- **PROBLEM DETAILS**: If an entry holds a picture, drop the picture and restate the rest word for word.

- **DATA FOR REVIEW**:
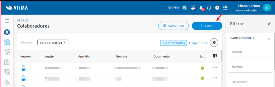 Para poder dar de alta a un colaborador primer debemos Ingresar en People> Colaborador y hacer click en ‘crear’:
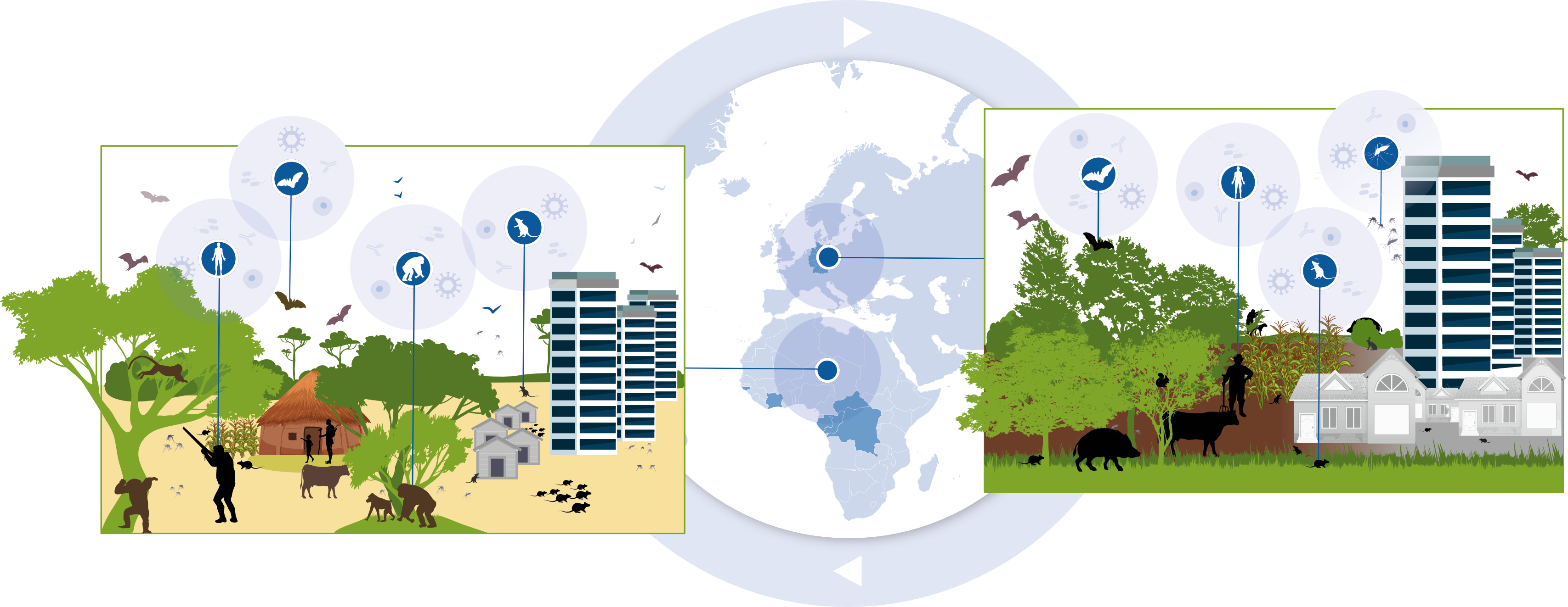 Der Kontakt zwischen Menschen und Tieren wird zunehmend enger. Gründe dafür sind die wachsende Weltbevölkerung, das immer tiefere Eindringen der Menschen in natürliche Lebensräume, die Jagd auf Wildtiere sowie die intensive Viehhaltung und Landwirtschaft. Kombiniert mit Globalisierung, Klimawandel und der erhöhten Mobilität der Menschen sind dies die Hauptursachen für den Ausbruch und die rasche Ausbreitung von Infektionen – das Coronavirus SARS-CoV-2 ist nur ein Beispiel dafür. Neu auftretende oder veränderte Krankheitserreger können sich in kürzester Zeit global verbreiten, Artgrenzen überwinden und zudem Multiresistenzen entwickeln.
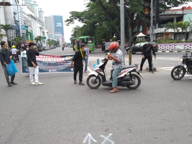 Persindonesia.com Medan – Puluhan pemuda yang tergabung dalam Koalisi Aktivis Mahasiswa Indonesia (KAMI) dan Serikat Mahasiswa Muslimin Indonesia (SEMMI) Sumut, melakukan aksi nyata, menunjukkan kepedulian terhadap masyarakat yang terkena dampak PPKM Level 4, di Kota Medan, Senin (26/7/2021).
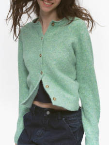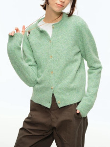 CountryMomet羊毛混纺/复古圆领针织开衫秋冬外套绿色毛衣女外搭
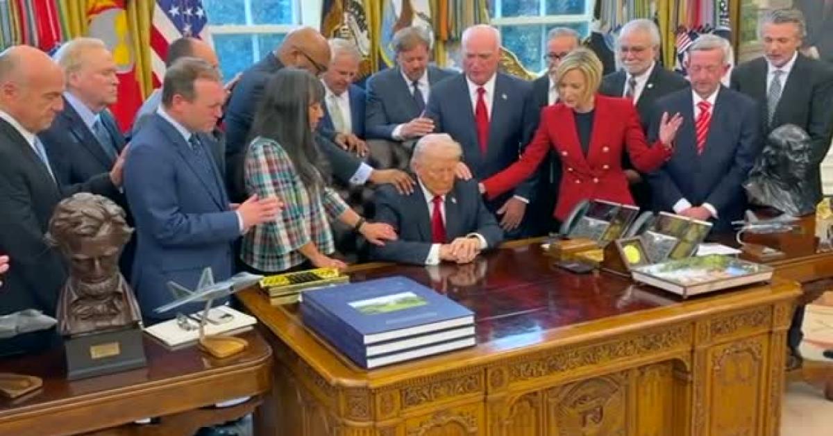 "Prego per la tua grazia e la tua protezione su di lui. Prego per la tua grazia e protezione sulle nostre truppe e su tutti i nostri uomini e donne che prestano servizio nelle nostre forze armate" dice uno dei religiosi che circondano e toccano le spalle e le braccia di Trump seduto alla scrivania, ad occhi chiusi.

- **WRITTEN SOLUTION**:
 Para poder dar de alta a un colaborador primer debemos Ingresar en People> Colaborador y hacer click en ‘crear’:
 Der Kontakt zwischen Menschen und Tieren wird zunehmend enger. Gründe dafür sind die wachsende Weltbevölkerung, das immer tiefere Eindringen der Menschen in natürliche Lebensräume, die Jagd auf Wildtiere sowie die intensive Viehhaltung und Landwirtschaft. Kombiniert mit Globalisierung, Klimawandel und der erhöhten Mobilität der Menschen sind dies die Hauptursachen für den Ausbruch und die rasche Ausbreitung von Infektionen – das Coronavirus SARS-CoV-2 ist nur ein Beispiel dafür. Neu auftretende oder veränderte Krankheitserreger können sich in kürzester Zeit global verbreiten, Artgrenzen überwinden und zudem Multiresistenzen entwickeln.
 Persindonesia.com Medan – Puluhan pemuda yang tergabung dalam Koalisi Aktivis Mahasiswa Indonesia (KAMI) dan Serikat Mahasiswa Muslimin Indonesia (SEMMI) Sumut, melakukan aksi nyata, menunjukkan kepedulian terhadap masyarakat yang terkena dampak PPKM Level 4, di Kota Medan, Senin (26/7/2021).
 CountryMomet羊毛混纺/复古圆领针织开衫秋冬外套绿色毛衣女外搭
 "Prego per la tua grazia e la tua protezione su di lui. Prego per la tua grazia e protezione sulle nostre truppe e su tutti i nostri uomini e donne che prestano servizio nelle nostre forze armate" dice uno dei religiosi che circondano e toccano le spalle e le braccia di Trump seduto alla scrivania, ad occhi chiusi.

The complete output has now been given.